In the next sections the roles a volume can perform will be considered given the information in the installation guide and experience…
The content index (also called the disk index) is a collection of files that describe the backup segments stored in SmartDisk. The documentation says “fault-tolerant disks with good random-access performance”. Fault tolerant because loss of the index results in SmartDisk having no record of it’s contents. Good random access performance, well this index is not queried that regularly and the files are small so this is not too critical.
The Staging Pool is where backups are received into SmartDisk and if they are not going to be deduplicated, this is where they will stay. Typically files in here are large and sequential. The documentation says this about the disks “fault-tolerant disks with good streaming performance”. Fault tolerant so the backups are not lost if a disk fails, good streaming performance because files are going to be sequentially written and then read from the disks. Raid 5 usually handles this sort of I/O well, It is possible that the array tries to write sequentially on each head to give good streaming performance. Almost all benchmarks of raid 5 disk arrays are for large sequential file access and not random I/O because the random I/O figures will be much worse.
The Chunk Index provides a means to determine the page that a chunk resides in, if at all. This is queried randomly by generating a hash from the chunk details and performing a read of the block that is obtained by the hash. It should be clear that hash algorithms are designed to give as even a spread as possible across the result range and therefore the output and resulting disk seek will be completely random. In an ideal world this would be done in memory but with the size of the index at 3% of the Chunk Store, given a maximum supported Chunk Store size of 15Tb means the index will be 472G which is not something that you can cache. The documentation says “fault-tolerant disks with good random-access performance”. A number of customers have implemented a set of mirrored disks to this purpose and the results have been very good every time. Note that the currently supported size of the Chunk Store at 15Tb is something that may increase and therefore some allowance for growth of the Chunk Index is advisable. Note raid 5 handles this poorly, this will be explained.

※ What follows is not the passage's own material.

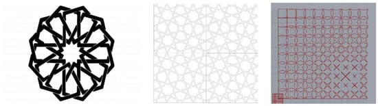 The design of the elements of the façade is inspired by IGP (Figure 16). There is a great history of use of IGS patterns in the Middle East. The use varies from decorative (in entrances of buildings, façade walls) to functional (mashrabiya application). The mashrabiya as an architectural element allowed houses to have privacy, shading, and natural ventilation. This element of passive sustainable strategies combined with advanced tools such as Rhino Grasshopper are the basis of this research on the parametric/dynamic façade. Based on the ISG, the design of the main unit of this façade evolves by adding other parameters such as size of unit (linked to the technology of application), material, opening distance, and connection to the library extension building [,].
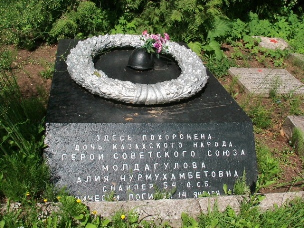 В атаку батальон пошел на рассвете. Когда до окопов осталось несколько метров, заговорил гитлеровский пулемет. Метким броском гранаты Алия заставила его умолкнуть. Первая линия вражеских укреплений была занята. За день батальон отразил две контратаки, а утром следующего дня снова пошел в наступление. Лежа в снегу, Молдагулова хладнокровно и точно вела по врагу снайперский огонь. Третий день наступления. Алия с автоматом - пуля разбила оптический прицел ее винтовки. Осколком мины она ранена в руку, но остается в строю. Гитлеровцы контратакуют. Из-за угла траншеи фашистский офицер стреляет в грудь Алии. Последним усилием она отвечает ему метким выстрелом. Это было 14 января 1944 года...

The Chunk Store holds the deduplicated data which by definition will almost certainly be fragmented. The reuse of data that was previously saved by a different backup is one reason. Accessing the data by querying the Chunk Index to find the page that the chunk resides in doubles the I/O to get each chunk also means the I/O is more to read deduplicated data. The documentation says “fault-tolerant disks”, good random I/O performance will help as well.
By default the installer places the Chunk Index on the Storage volume. This can simply be relocated to another volume by denying the Storage volume this role and adding another volume, but this can only be done this easily between installation and the first backup being received because the objects are not created until they are needed. Once the Chunk Index exists there is no official method for moving this but Support can help you do it but there is a slight risk of loss of the index and having to rebuild it if any mistakes are made during the move.
Raid levels
Raid 5 is very popular because it gives protection at the least price point. The true cost is performance.
Under raid 5 with ‘n’ disks in an array, n-1 disks will be involved in every I/O. During sequential I/O with minimal head movement and data sequentially written to the disk, performance can be good. But random I/O (like the Chunk Index or Chunk Store) means randomly moving n-1 heads for every read means that the I/O is not complete until the head that moved the furthest has completed. As a one off operation this is still not much of an issue, but deduplicating or restoring a single 150G backup can result in 1 million chunk index lookups. Under these conditions it is not unusual to observe the array 100% utilised and returning about 3Mbps not the 300Mbps it’s rated at. Scale that to 12 parallel deduplications and put the Chunk Store on the same array and poor performance is very likely.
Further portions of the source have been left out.